Under the guidelines, the program pays for all infected Medicaid patients with moderate-to-advanced liver fibrosis, cirrhosis or cancer of the liver, and those with certain complications, including HIV, diabetes and kidney disease.
“The advocacy community is really with us on this,” Scrase said. “They understand that we don’t have all the money in the world here in New Mexico and we need to go step by step.”
The per-treatment cost has declined in two years, from $83,819 in 2014 to $56,014 this year, according to HSD data.
Scrase attributed the lower cost to contracts negotiated by the MCOs and the introduction of new hepatitis C drugs, which has increased competition between drugmakers.
The guidelines also call for enhanced screening to identify people with hepatitis C. Up to half of all Americans infected with the virus do not know they have it, Scrase said.
Anyone born from 1945 to 1965 or who has nonprofessional tattoos or a history of injection drug use should be screened. Baby boomers are the primary risk group for hepatitis C.

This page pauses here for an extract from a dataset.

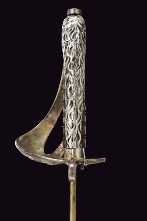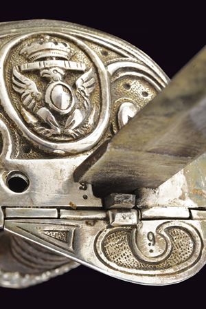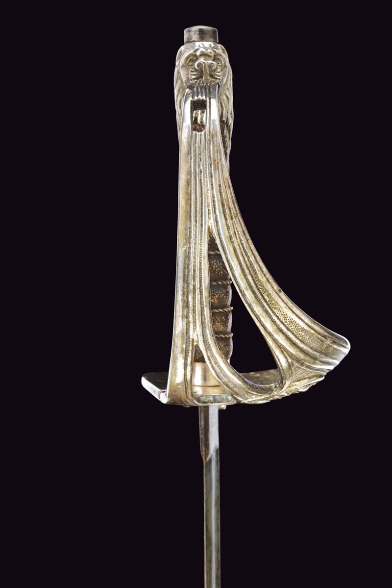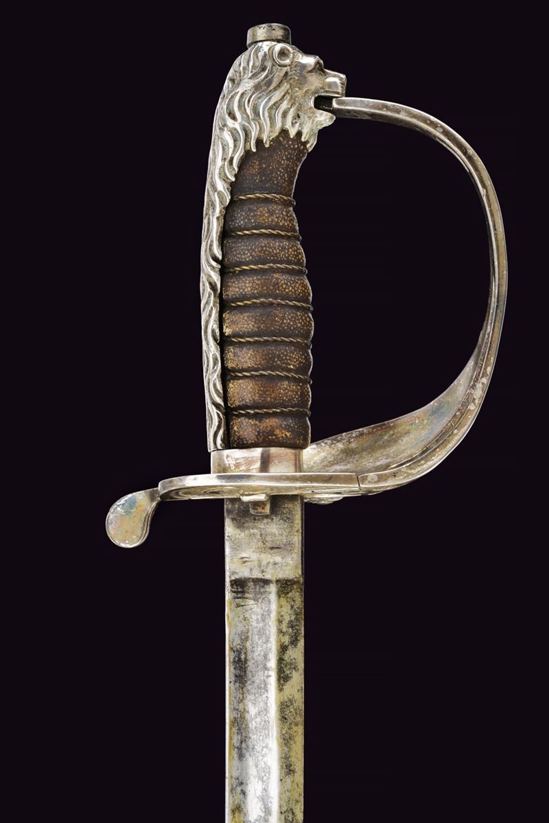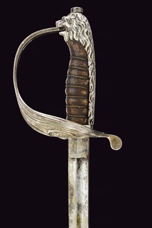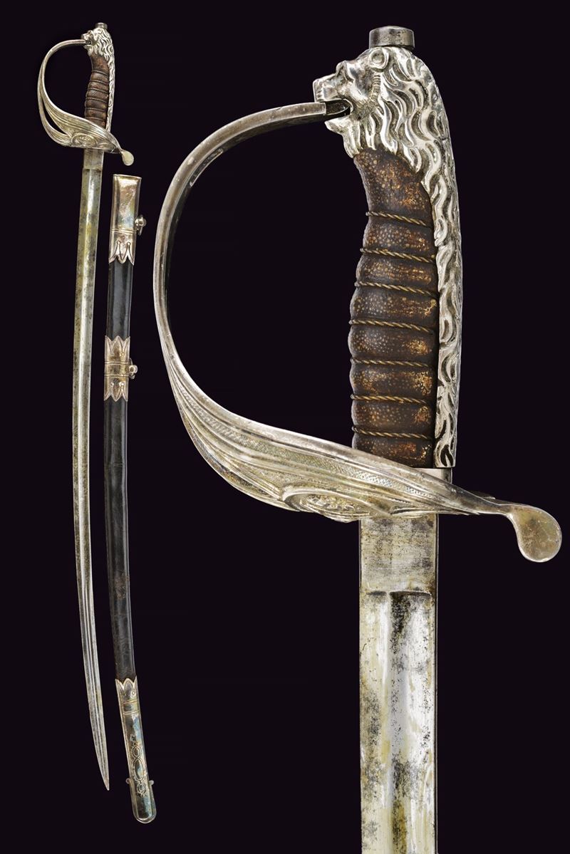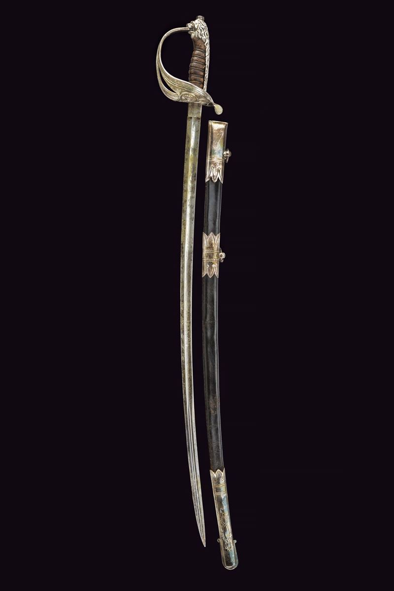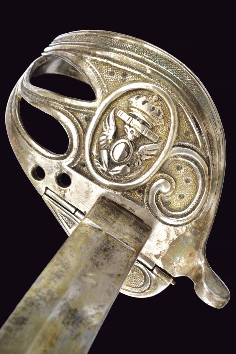 Lama curva con sguscio che si fa duplice al debole. La superficie con resti di incisioni. Fornimento leggermente da fissare, con bella guardia a vela in ottone placcato argento marcato "9", recante scudo ellittico caricato con l'aquila sabauda sormontata da corona, il tutto in rilievo. Due spacchi a goccia e sforatura per la dragona. Sul retro una piccola valva tornante, sempre placcata in argento e punzonata "9". Cappetta lunga in ottone placcato argento culminante a testa di leone. Rivestimento dell'impugnatura in pelle di pesce, brunita probabilmente dall'uso e dal tempo, con trecciola metallica. Fodero in cuoio di vecchia produzione con fornimenti argentati, il puntale forse con piccolo punzone alla vela. Due campanelle, sempre in argento. La valva tornate spinge, se richiusa, spinge un dente d'arresto che ferma il fodero alla spada. Condizioni medio-buone, con un po' di usura alla lama e segni del tempo. Rara variante da ufficiale della Regia Marina realizzata in argento.

“People not knowing they have it is the biggest obstacle to treating everybody,” Scrase said.
New Mexico agencies also operate programs intended to prevent the spread of hepatitis C, including the Department of Health’s needle-exchange program and education programs for state prison inmates.
But Medicaid and the Corrections Department are not the only state programs affected.
The drugs have also driven up prescription costs for seven health insurance plans that cover public employees and retirees.
Hepatitis C drug costs for publicly funded insurance plans have more than quadrupled in two years, from $2.97 million in 2014 to $12.2 million in fiscal year 2016, which ended June 30, according to the LFC report.
Those agencies provide health insurance for public employees and retirees, including Albuquerque Public Schools, the University of New Mexico and UNM Hospital.
Hepatitis C drugs aren’t the only cause of soaring drug costs.
Spending climbed 50 percent for generic drugs and 64 percent for brand-name drugs during that period.
But “specialty drugs” such as those used to treat hepatitis C have experienced the steepest price spike in prescription drugs. Specialty drugs are used to treat complex diseases such as cancer, hepatitis C and multiple sclerosis.
New Mexico’s cost for specialty drugs increased 212 percent in two years, from $37 million in 2014 to $115 million in 2016, the report said, based on responses from state agencies.
“Specialty drugs are a key cost driver,” the report said. “As a class, specialty drugs are not new, but there are more of them today.”